> _Problem requirements_: Reproduce everything from the line that contains "Elevate your wardrobe" down to the line that contains "Предположительно, грузовое судно" in the listing below, word for word and nothing more. Leave the pictures out.

> _Exercise material_:
Segment Open

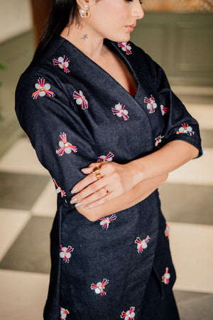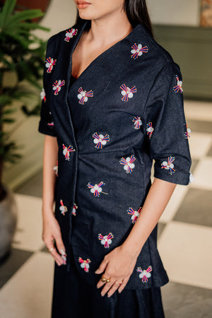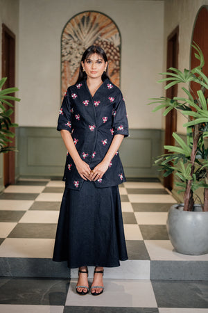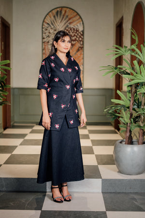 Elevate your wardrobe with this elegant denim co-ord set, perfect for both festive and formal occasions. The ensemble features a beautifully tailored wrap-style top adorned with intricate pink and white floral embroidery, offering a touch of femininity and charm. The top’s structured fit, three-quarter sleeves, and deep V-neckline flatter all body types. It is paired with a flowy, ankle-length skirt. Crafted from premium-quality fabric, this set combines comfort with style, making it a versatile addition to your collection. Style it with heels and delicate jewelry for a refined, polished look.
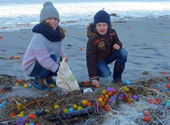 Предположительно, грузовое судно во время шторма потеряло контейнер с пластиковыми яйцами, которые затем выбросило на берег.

Segment Closed
Segment Open

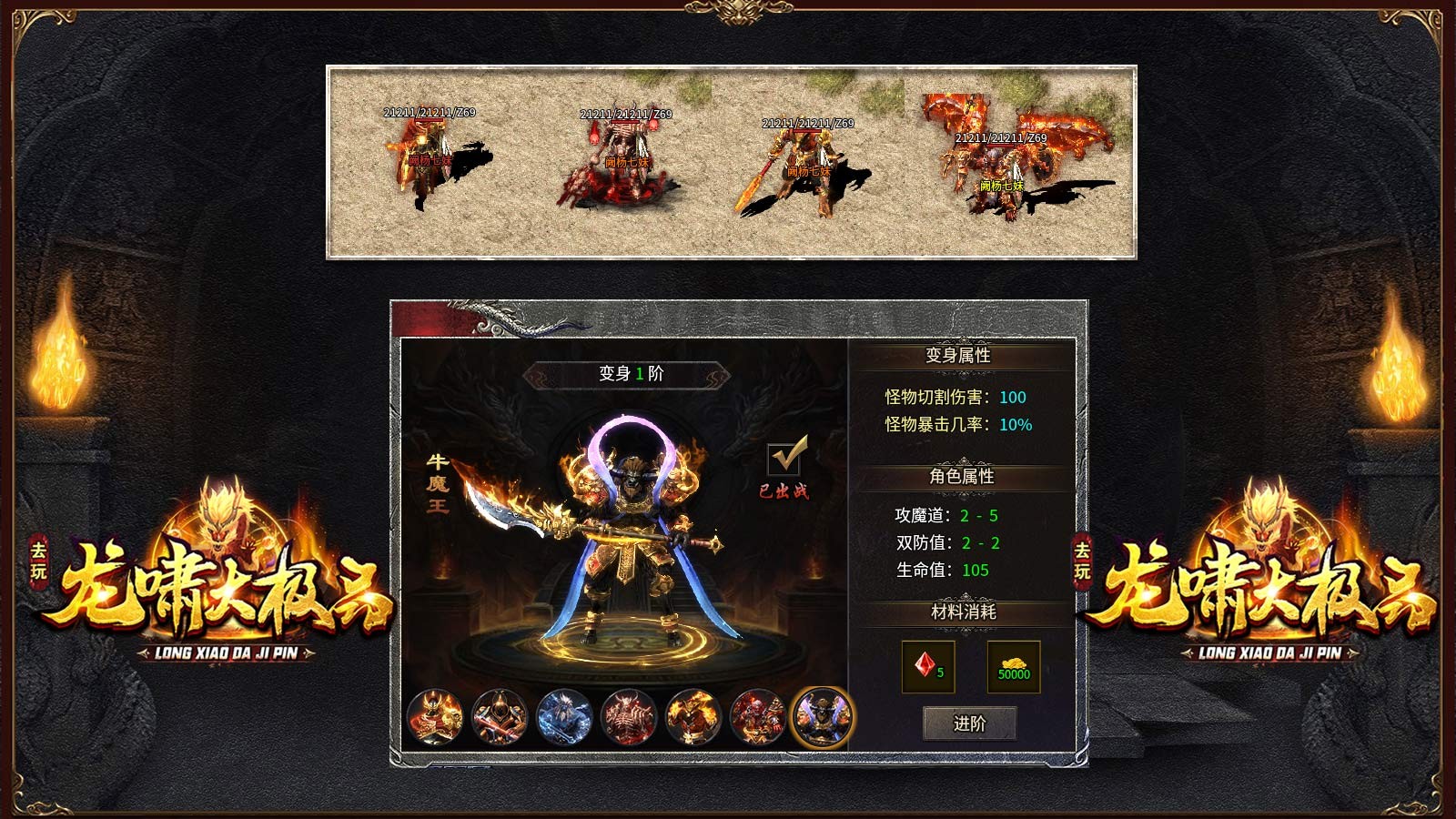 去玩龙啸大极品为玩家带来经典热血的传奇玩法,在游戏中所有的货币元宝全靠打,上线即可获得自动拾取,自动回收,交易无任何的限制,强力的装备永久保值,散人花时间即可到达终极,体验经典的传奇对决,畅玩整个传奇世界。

Segment Closed

> _Task solution_:
 Elevate your wardrobe with this elegant denim co-ord set, perfect for both festive and formal occasions. The ensemble features a beautifully tailored wrap-style top adorned with intricate pink and white floral embroidery, offering a touch of femininity and charm. The top’s structured fit, three-quarter sleeves, and deep V-neckline flatter all body types. It is paired with a flowy, ankle-length skirt. Crafted from premium-quality fabric, this set combines comfort with style, making it a versatile addition to your collection. Style it with heels and delicate jewelry for a refined, polished look.
 Предположительно, грузовое судно во время шторма потеряло контейнер с пластиковыми яйцами, которые затем выбросило на берег.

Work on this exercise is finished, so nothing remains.